A shareholder can transfer their shares to another person if the share price is the same or higher than what the previous owner paid. In such a case, the transfer must be done through an intermediary. The transfer agent will act as a tender agent and exchange agent. They will also be responsible for processing the application form for the transfer. Upon approval, the transferee’s name will appear in the Register of Members. A shareholder can transfer their shares only after the share certificate is registered in the Register of Members.
If a business owner wants to transfer his or her shares, he or she must first review the articles of association to ensure that the share can be transferred without any legal complications. The transferor must also make sure that the new shareholder’s name will be on the company’s register of members. In addition to this, the transferee must be notified of the transfer. If no other shareholders show interest in the transfer, the company will process the transfer.
The transfer of shares should be legally binding, so both parties must sign the transfer deed. The transferee’s name and address must be witness by someone.

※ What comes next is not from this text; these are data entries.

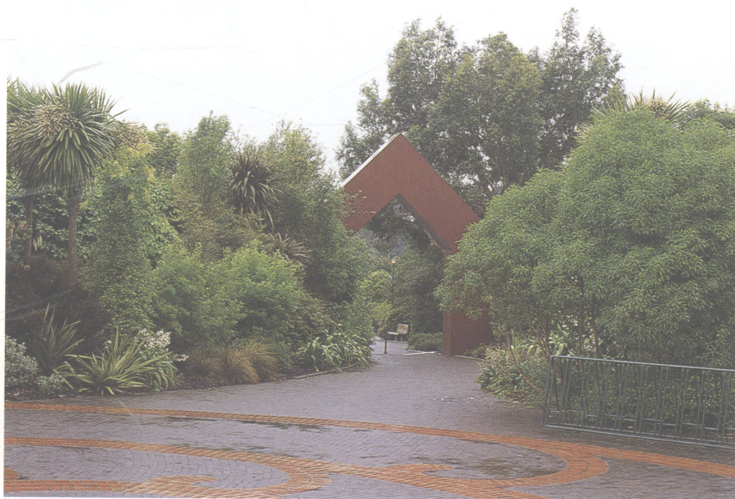
▲ 简易的门框将两个内容不同的专类园分隔开
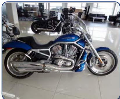
Harley Davidson V-ROD árg 2007 ek 8 þús km Ásett verð 1.550.000 Rnr. 130201
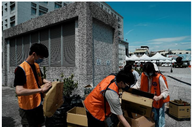
活動結束後，協助環境整理
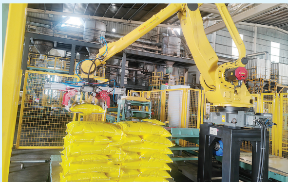
东锦肥业全自动码垛装置正在工作
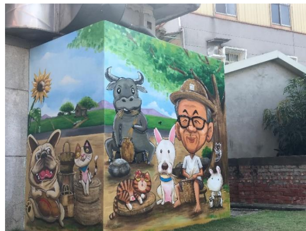
透過視覺色彩的重構，活化老舊牆面，營造有療癒感與激發想像力的校園轉角
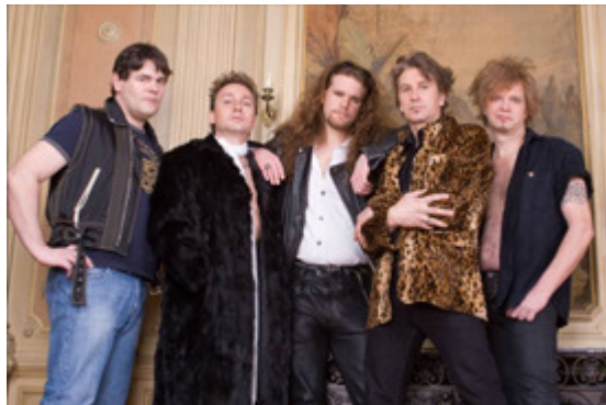
The Rockalots aus Bremen.

Ihre Vision ist nicht mehr und nicht weniger als die Bühnenreanimation der glorreichsten Momente unsterblicher Helden wie AC/DC, Led Zeppelin, Deep Purple, The Who und vielen anderen. „The Rockalots“ spielen nicht nur Rock, sie zelebrieren ihn – und dies mit einer Ehrlichkeit und Leidenschaft, die ihresgleichen sucht. Let's „Rock and Roll all Nite“!
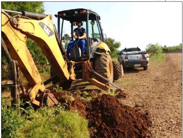
Está sendo finalizado os serviços de conserto da rede principal que sai dos reservatórios instalados na Linha Imperatriz
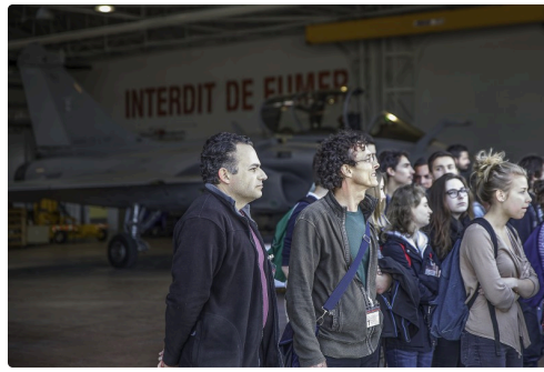
Les têtes se tournent : un Rafale décolle...
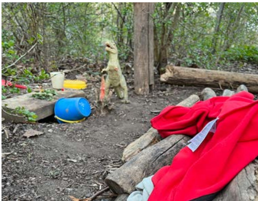
Barns lek försiggår överallt och behöver inga påkostade lekredskap.

Vi behöver därför också förstå och planera för vår egna lekfulla natur.
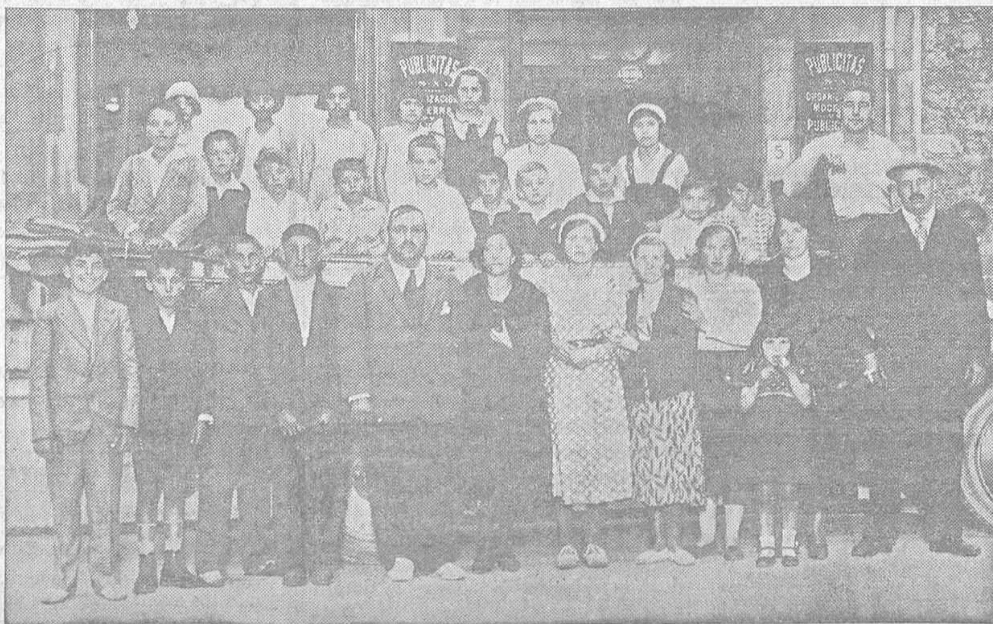
Los niños de las escuelas de Villanueva y Tuñón, en el concejo de Santo Adriano, que acompañados de sus profesores y algunos vecinos, visitaron nuestros talleres.
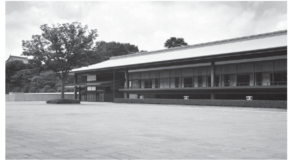
東庭から見た長和殿

明治21(1888)年に創建されたかつての宮殿は、昭和20(1945)年5月26日未明の大空襲によって、霞ヶ関一帯の火災から飛び火して炎上消失した。そのため、宮内庁庁舎の事務室の一部を仮の宮殿とする一方、両陛下は吹上御苑の中にある「お文庫」と呼ばれた地下各階の建物に仮住まいされた。
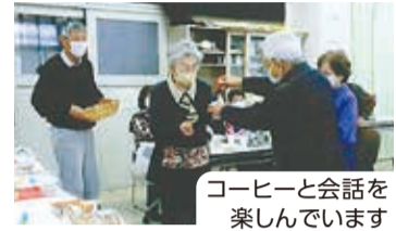
コーヒーと会話を 楽しんでいます

学校の教室を借りて、高齢者が集うサロンを開いています。活動の土台となっているのは、地元ソフトボールチームのつながりと、地域の皆さんのチームワークです。代表を続けてもう10年以上経ちますが、地元から頼まれたら断れません(笑)。地元が一番大事ですね。
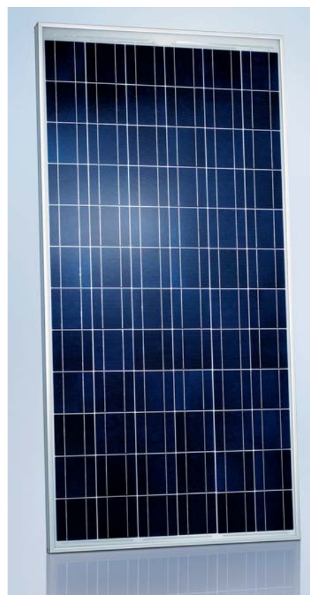
SCHOTT POLY™ 165/170/175/180
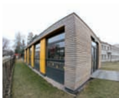
Modulová MŠ Poříčany

Nespornou výhodou modulových školek není jen nižší cena a rychlost výstavby, ale i jejich variabilita. Ta obcím mj. umožní pružně reagovat na situaci, až současný baby boom opadne. Modulovou školku lze totiž snadno přestavět, případně kompletně rozebrat a převést na jiné místo. „Moduly navíc není nutné přímo kupovat, ale je možné si je i dlouhodobě pronajmout. Dalším úsporným řešením
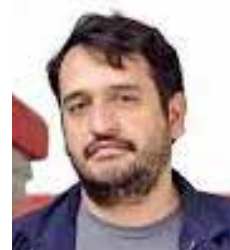
Andrés Manuel López

los trabajadores, una narrativa que resulta necesaria en un contexto donde el sindicalismo tradicional ha perdido presencia frente a nuevas formas de organización laboral y reformas que han modificado las reglas del juego, sin embargo, el desafío no será menor, ya que no basta con llamar a la unidad si no se acompaña de una agenda clara que reconecte a la CTM con las bases, con los jóvenes trabajadores y con los sectores productivos emergentes; el proceso que se avecina rumbo al 17º Congreso General Ordinario será determinante para saber si la Confederación logra una renovación real o si se limita a un relevo de nombres, porque más allá de quién encabece la dirigencia, lo que está en juego es la vigencia de la CTM como actor relevante en la defensa del trabajo organizado en México.
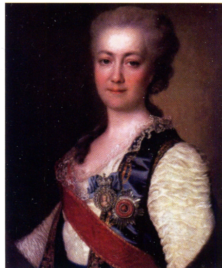
▲ Княгиня Е. Р. Дашкова, урожденная графиня Воронцова, статс-дама, директор императорской Академии наук, председатель Российской академии. Награждена 28 июня 1762 г.

Павел I предоставил дамам ордена Св. Екатерины управление Институтом воспитания благородных девиц «без родни, без имения и призрения, нередко в жертву пороков остающихся». В 1802 году такое же учебное заведение – училище (институт) ордена Св. Екатерины открылось в Москве. Для содержания училища дамы большого креста при пожаловании орденом вносили в кассу Капитула 800 рублей, а кавалерственные дамы – 200. Так как денег этих на содержание института не хватало, с 1798 года к этому добавились 8 тысяч рублей, выделяемые ежегодно из доходов, собираемых от орденских командорств. Каждая кавалерственная дама ордена Св. Екатерины могла представить воспитанницу для приема в училище ордена Св. Екатерины, «с тем однако же, чтобы представляемая происходила из дворянского рода, была совершенно здорова и имела положенные в учреждении сего Училища лета».
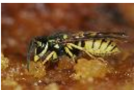
Deutsche Wespe - Vespula germanica (Fabricius, 1793)
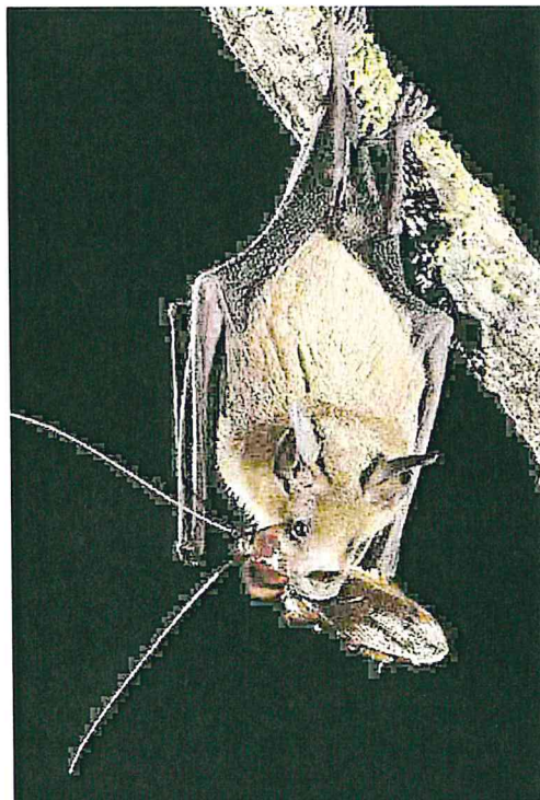
I pipistrelli sono cacciatori di zanzare
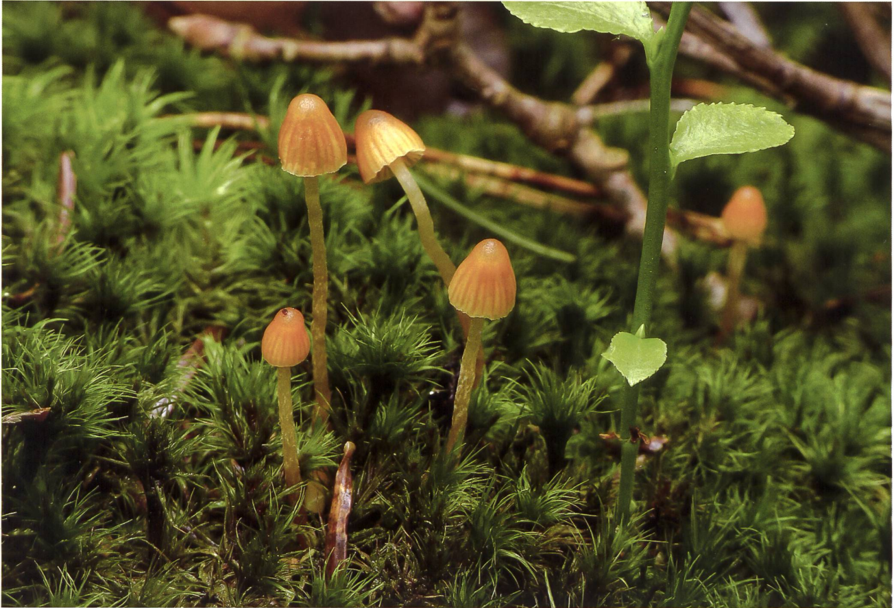
GALERINA CERINA Wachs-Häubling | Galère cirée
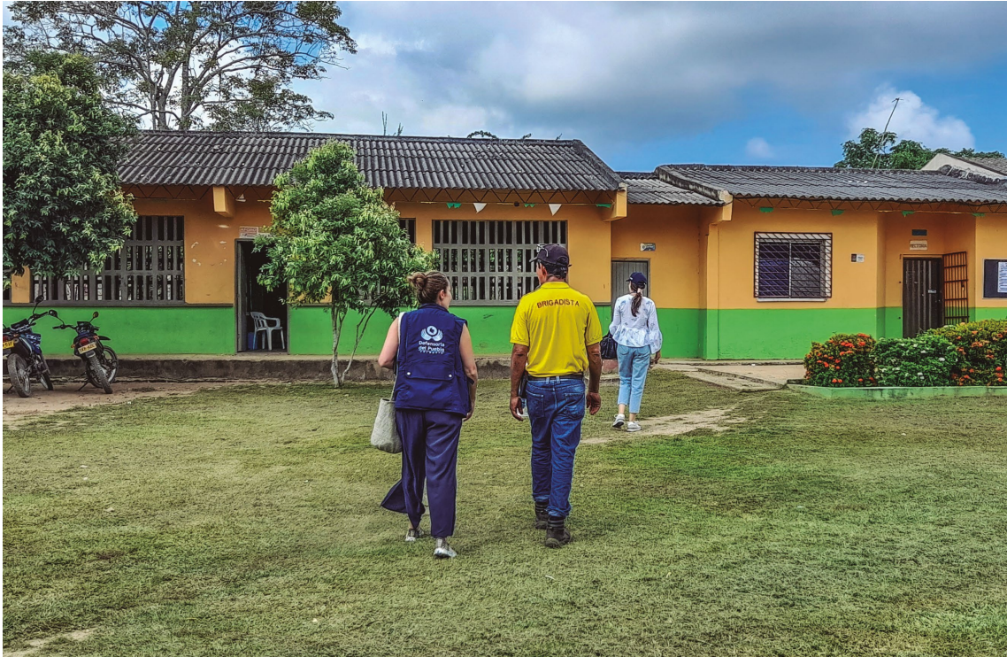
Defensoría del Pueblo. Institución Educativa Libertad, 14 de septiembre de 2023.

La I.E. La Libertad se encuentra ubicada en el corregimiento Libertad del municipio de San Onofre, Sucre. Allí son atendidos alrededor de 1.018 estudiantes entre los 4 y 18 años de edad, en los niveles preescolar (77), básica primaria (448), secundaria y media (458). En promedio, el 95% de los estudiantes son afrodescendientes y el 5% indígenas.
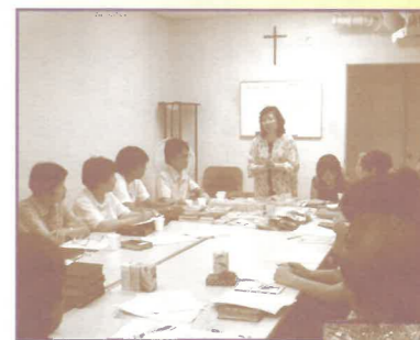
教授如何運用福音工具
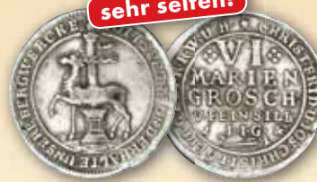
Christian Friedrich und Jost Christian I. 6 Mariengroschen 1714 ss 315,- € □
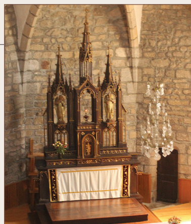
Retable de l'église

Àu XII e siècle, la paroisse dépendait des moines de La Chaise-Dieu. Au XVIII e siècle, le Conseil général de l'Administration départementale de Lozère lui donna le nom de « Bel Air », notamment pour son aspect perché, sur les hauteurs. En 1837, une partie du territoire communal est cédée pour la création de la commune de Chambon-le-Château (qui le deviendra en 1896), ce qui représenta une perte de population de 415 habitants.
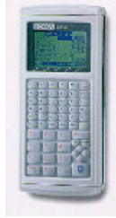
Fig. 3: Coletor de dados SDR 33 da Sokkia [4]

CINTRA (1993) realiza uma analogia entre os coletores de dados e as calculadoras que facilita o entendimento do funcionamento dos mesmos: " possuem memórias em abundância, teclado alfanumérico para a introdução dos dados, são programáveis ou dispõem de módulos de programas que podem ser adicionados, visores de cristal líquido, funções pré-definidas, interface para outros equipamentos, são portáteis e usam pilhas ". De fato, algumas empresas apresentam sistemas para a automação do registro dos dados que na realidade nada mais são que calculadoras HP executando programas específicos.
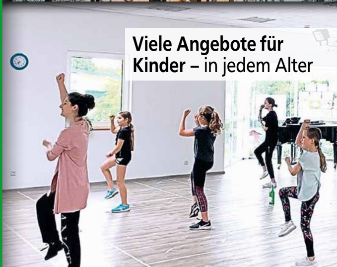
Viele Angebote für Kinder – in jedem Alter
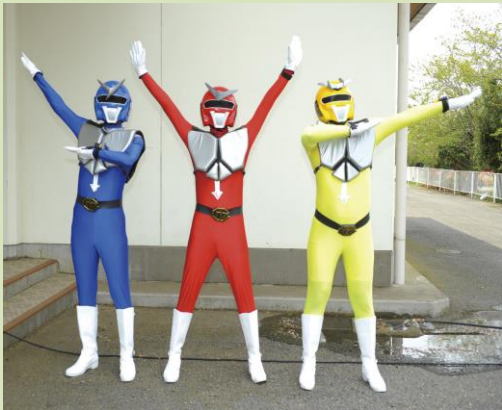
ご当地ヒーロー ハリキリ戦隊ソーサマン

最近ではその難読さを逆手に取り、「読めない、書けない、どこにある」をキャッチフレーズにして、多くの人に匝瑳市を知っていただけるよう活動をしています。
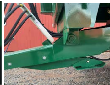
Integrert hydraulisk støttefot Pris på forespørsel
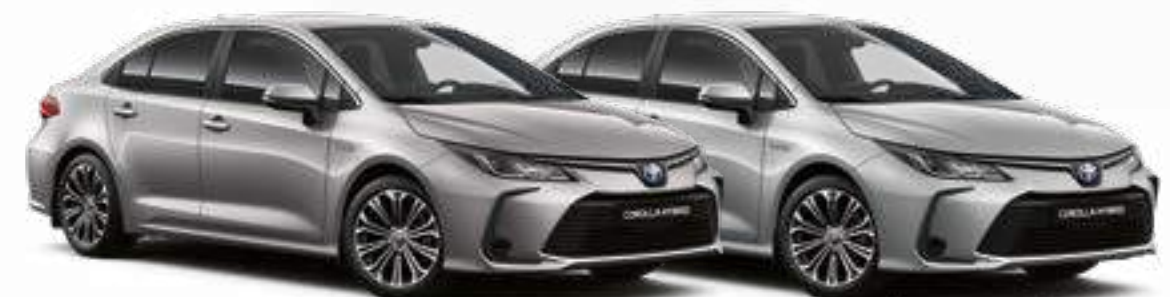
אפור מתכתי מטאלי 1א0
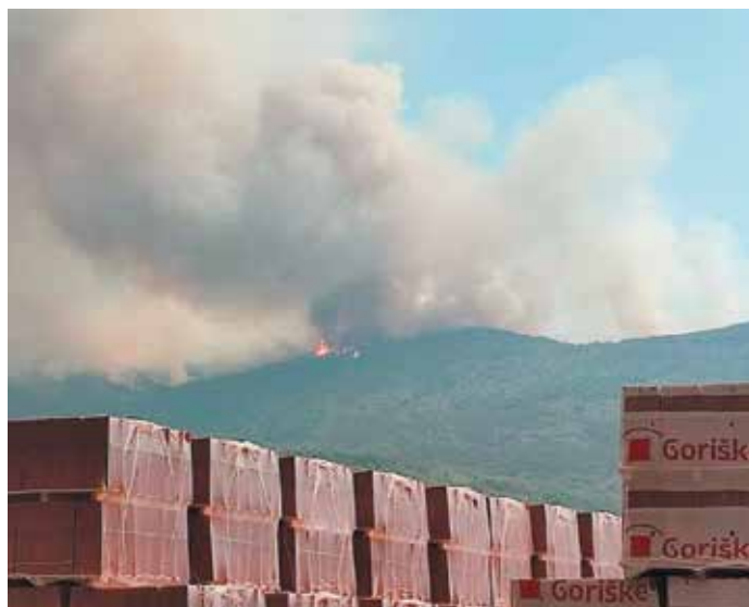
Požar na Trstenjaku od daleč
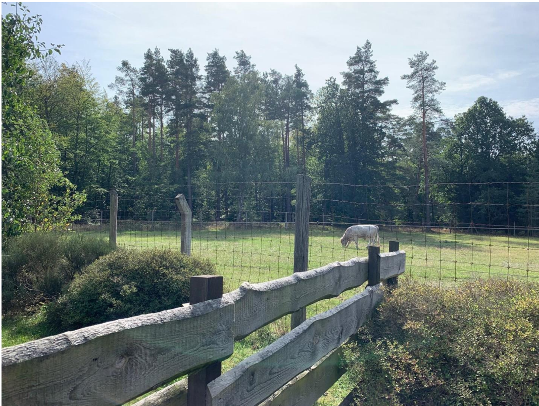
Blick zur Weide
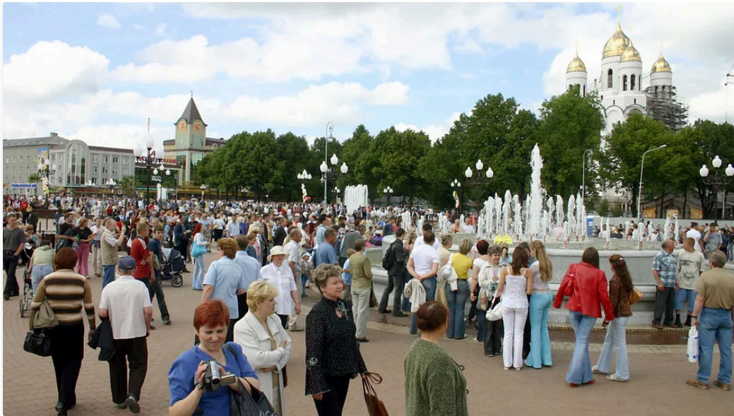
Neugestaltetes Stadtzentrum von Kaliningrad: Fernschreiben aus Moskau im Juli 1990

Dieser Beitrag stammt aus dem SPIEGEL-Archiv. Warum ist das wichtig?
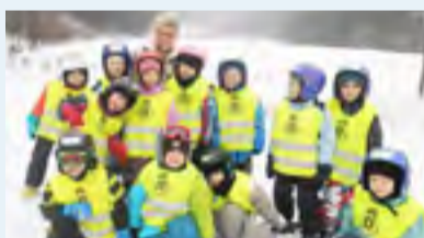
KURZ. Děti z Koblova lyžovaly v Palkovicích.
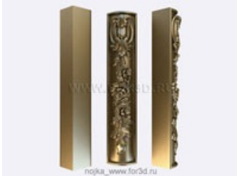
Ножка 0020 | stl - 3d модель для ЧПУ
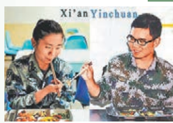
軍人情侶的穿越照感動網友。

他在寧夏銀川，她在陝西西安，兩名身處部隊中的情侶相隔遙遠；為了排解思念之情，兩人將彼此生活中的小片段，用一張張照片拼接在一起，看上去就和同處於一個空間似的，「溫馨卻讓人飄淚」，演繹着自己一段雙城之戀。在微博上，日前一組這對軍人情侶的異地穿越照，感動了無數網友。
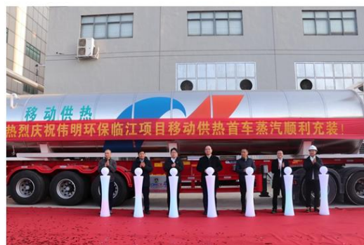
临江项目二期对外供蒸汽
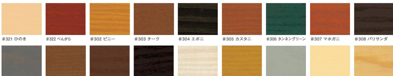
#321 ひのき #322 ベンがら #302 ピニー #303 チーク #304 エボニ #305 カスタニ #306 タンネングリーン #307 マホガニ #308 パリサンダ #309 シルバグレイ #310 オリーブ #311 ウォルナット #312 ジェットブラック #314 ワイス #315 スプルース #316 ブルーグレイ #320 やすらぎ #301 カラレス (下塗り専用)

この色見本は印刷物ですので、実際の色とは多少異なります。塗装見本でご確認ください。
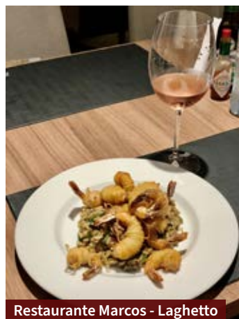
Restaurante Marcos - Laghetto
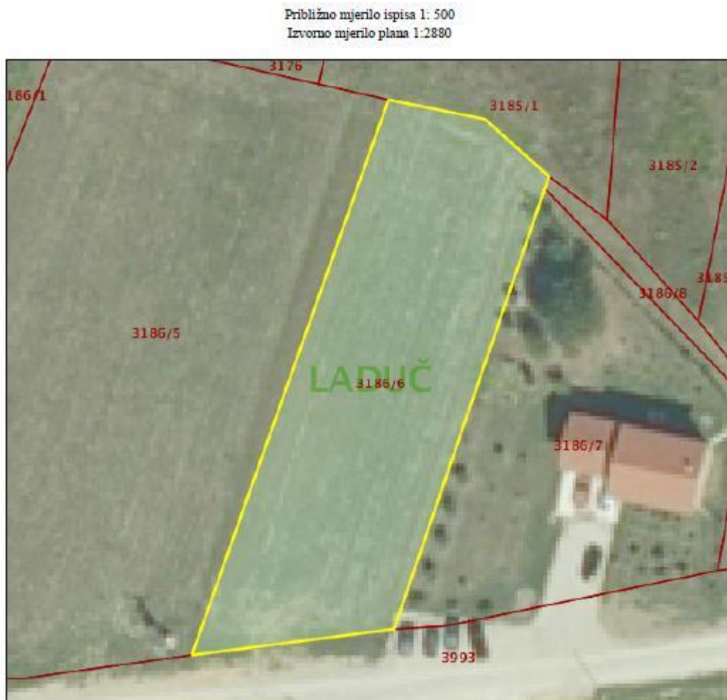
Slika 3: Izvod iz katastarskog plana – lokacija reciklažnog dvorišta

Dvori, ulica Bana Josipa Jelačića 168, Zaprešić, na k.č. 117/5, k.o. Zaprešić. Reciklažno dvorište upisano je u očevidnik reciklažnih dvorišta pod oznakom REC-122-G-2, a kao upravitelj je upisano trgovačko društvo Zaprešić d.o.o.
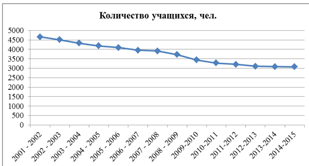
Рисунок 1. – Динамика количества учащихся школ Малоритского района с 2001 по 2014 гг. (составлено по [6; 7])

В 2000-х гг. были закрыты все начальные школы района. На базе 5 сельских школ созданы учебно-педагогические комплексы: детский сад – средняя школа (деревни Збураж, Гвозница, Ляховцы и Доропеевичи) и детский сад – базовая школа (д. Замшаны). Были закрыты базовые школы в д. Высокое и д. Заболотье, а в 2012 г. и в д. Хмелевка.

The share transfer deed must be witnessed by a witness and must be duly executed. Once signed, the share transfer deed cannot be refused. In some cases, the share transfer deed has to be witnessed by a third party. The deed will not be valid if a minor mistake is made on the share transfer form.
Before transferring a share, the transferee should make sure that the value of the share is stated on the deed. If this is not done, the transfer deed is still valid. During the transfer process, the company will also pay stamp duty on the value of the shares. The stamp duty is 0.25% of the value of the shares. Stamp duty is also not paid on shares sold by a nationalised bank.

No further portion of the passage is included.